Exercise: From the line below that contains "The 2008 presidential" to the line that contains "跨年瘦身港台艺人纷归巢 综艺余热成稻草", repeat every line exactly, both ends included, and nothing else.

Given records:
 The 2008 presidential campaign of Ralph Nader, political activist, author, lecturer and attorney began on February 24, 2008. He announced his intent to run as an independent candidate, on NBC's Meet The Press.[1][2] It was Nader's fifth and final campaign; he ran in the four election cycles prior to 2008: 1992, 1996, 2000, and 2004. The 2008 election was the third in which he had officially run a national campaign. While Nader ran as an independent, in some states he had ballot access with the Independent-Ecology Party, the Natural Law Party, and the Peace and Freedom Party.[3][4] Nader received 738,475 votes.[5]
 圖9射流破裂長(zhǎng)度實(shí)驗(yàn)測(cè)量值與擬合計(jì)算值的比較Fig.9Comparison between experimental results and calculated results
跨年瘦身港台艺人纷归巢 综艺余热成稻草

* * *

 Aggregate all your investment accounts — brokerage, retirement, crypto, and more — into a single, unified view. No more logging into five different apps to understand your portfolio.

--

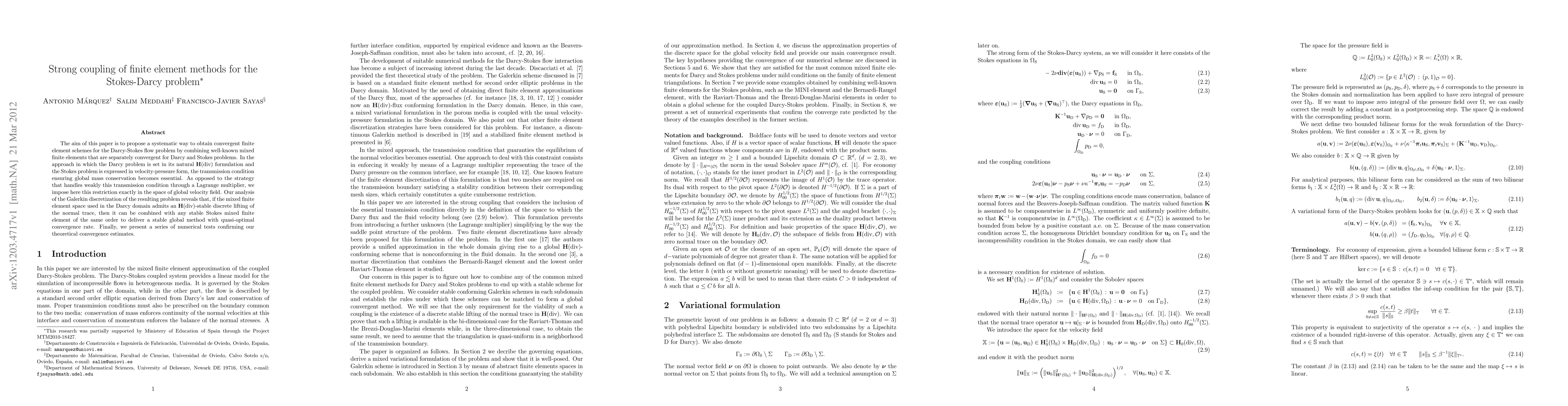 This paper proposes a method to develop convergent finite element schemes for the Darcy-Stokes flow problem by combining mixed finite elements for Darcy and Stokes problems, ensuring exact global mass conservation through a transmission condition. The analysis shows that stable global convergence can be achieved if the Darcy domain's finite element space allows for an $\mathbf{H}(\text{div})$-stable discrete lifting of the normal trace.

Output for this exercise:
 The 2008 presidential campaign of Ralph Nader, political activist, author, lecturer and attorney began on February 24, 2008. He announced his intent to run as an independent candidate, on NBC's Meet The Press.[1][2] It was Nader's fifth and final campaign; he ran in the four election cycles prior to 2008: 1992, 1996, 2000, and 2004. The 2008 election was the third in which he had officially run a national campaign. While Nader ran as an independent, in some states he had ballot access with the Independent-Ecology Party, the Natural Law Party, and the Peace and Freedom Party.[3][4] Nader received 738,475 votes.[5]
 圖9射流破裂長(zhǎng)度實(shí)驗(yàn)測(cè)量值與擬合計(jì)算值的比較Fig.9Comparison between experimental results and calculated results
跨年瘦身港台艺人纷归巢 综艺余热成稻草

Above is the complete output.